Court: Thief Has No Right To Privacy Against GPS Search For Stolen Phone

A person who steals a cellphone doesn’t have a privacy right that would prevent police from using global positioning to find the phone and arrest him, a state appeals court ruled in San Francisco today.

A three-judge panel of the Court of Appeal unanimously upheld the conviction of Lorenzo Barnes and sentence of 13 years and eight months in prison for a 2009 armed robbery in San Francisco.

According to the ruling, Barnes stole a purse from Carolyn Fey and a wallet from Charles Parce after brandishing a handgun at them as they walked near Fort Mason in San Francisco shortly after midnight on Nov. 5, 2009.

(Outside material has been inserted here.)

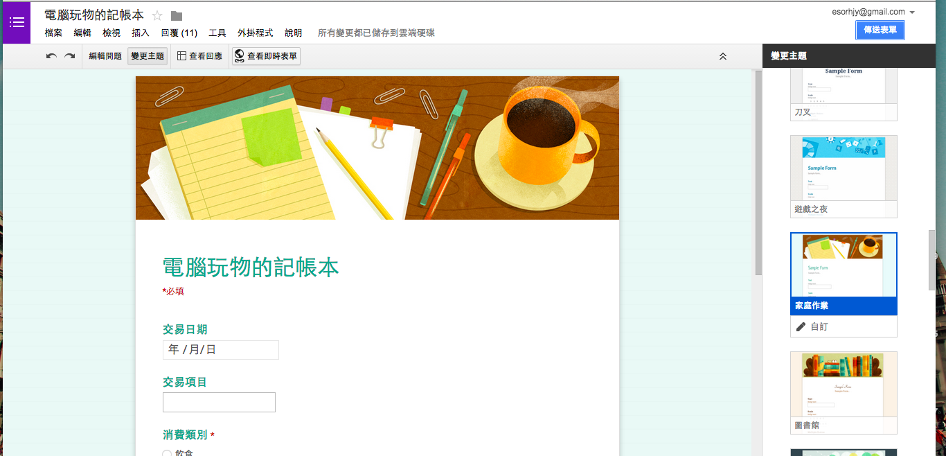 經過上面的問題設計,很快的我們就用 Google 表單設計出自己的便利記帳單,這時候別忘了還可以利用「不再只有醜醜範本!如何幫 Google 表單美化背景外觀?」來幫表單設計一個好看的問卷介面。

Fey’s handbag contained her cellphone, and after she told police the phone had a global positioning system, an officer contacted the Sprint PCS phone service, arranged for Fey to sign a release, and then asked Sprint to ping the phone.

On the basis of several pings by Sprint, two officers followed Barnes for several blocks in the Mission District and with the help of a third officer stopped him in a car in a car at 13th and Mission streets about one hour after the robbery.

The officers arrested Barnes after seeing a cellphone on the front seat of the car and a handbag on the back seat that matched the description of Fey’s turquoise Prada purse, and after Fey was brought to the scene and identified him as the suspect.

Barnes later pleaded guilty in San Francisco Superior Court to two counts of second-degree armed robbery and one count of being a previously convicted felon in possession of a handgun, and was sentenced to 13 years and eight months in prison.

But he reserved the right to appeal his claim that the phone pinging carried out without a search warrant violated his expectation of privacy under the U.S. Constitution’s Fourth Amendment ban on unreasonable search and seizures.

The appeals court said, however, that there is no right to privacy in stolen property.

“Did defendant have a legitimate expectation of privacy in the cellphone he had stolen? The answer is an emphatic ‘no,’” Justice James Richman wrote in the court’s decision.

Richman cited a 2005 decision in which the 9th U.S. Circuit Court of Appeals said, “The Fourth Amendment does not protect a defendant from a warrantless search of property that he stole.”

Richman also noted that the arrest was based on a combination of the cellphone pinging and the victims’ description of the stolen purse and the suspect.

That information taken together provided the officers with “ample reasonable suspicion for a detention,” the appeals court said.